Some data analytics bootcamps involve more advanced topics that you might find in data science programs, too, like machine learning. And like data science bootcamps, curricula vary from program to program.
Data Science Careers
After you develop data science skills, you can land a variety of data science jobs. Perhaps the most obvious job path is to become a data scientist. PayScale data shows these professionals earn average salaries of $96,300. These professionals typically focus on data storage, modeling, and predication.
A background in data science can prepare individuals for other jobs, too. Data engineers, who use their programming expertise to develop data management solutions, earn an average income of $92,310, according to PayScale. Data architects also handle data storage and data management tasks and bring home average salaries of $119,580.
Data Analytics Careers
Graduates of both data science and data analytics bootcamps often find work as data analysts. These professionals specialize in making sense of large sets of data by organizing jumbled datasets, finding trends, identifying anomalies, and making predictions for the future.
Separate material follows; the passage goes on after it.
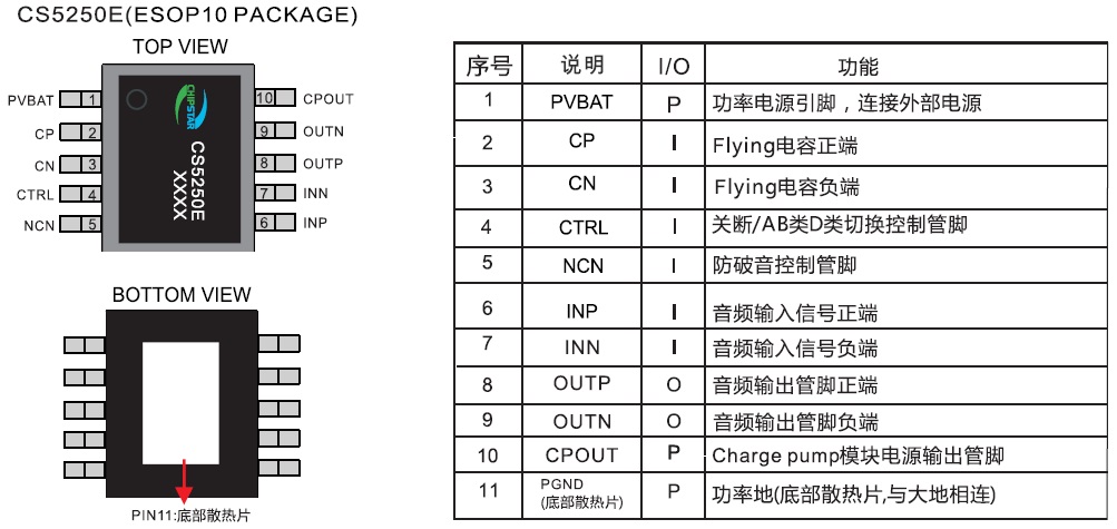 產(chǎn)品名稱: CS5250(無電感電荷泵升壓5.3W防破音單聲道音頻功放IC)
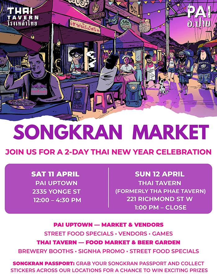 地址2:THAI TAVERN(Food Market & Beer Garden)— 221 Richmond St W, Toronto, ON 点击查看Google地图网址:https://paitoronto.com/songkran-market

Data analysts work across many different industries, including technology and software development, finance and insurance, media, retail, manufacturing, healthcare, government, and education. Professionals in data analytics jobs earn an average annual salary of $61,110, according to PayScale data.
Weighing Your Options
When debating between data science vs. data analytics, consider several factors. First, there is the practical factor of availability: Which bootcamps do you have access to? You will likely find more data science bootcamps than data analytics programs. If you’re looking for an in-person or part-time bootcamp, that may also limit your available options.
Consider your own career goals and interests. If you want to focus on organizing and evaluating data, you should consider going the data analysis route. Alternatively, if you want to learn more programming skills, use machine learning, and apply more algorithmic knowledge in your work, a career in data science might be a better fit.
Finally, think about your salary goals; data scientists tend to earn more than data analysts. If a high salary is important to you, then be sure to factor that in.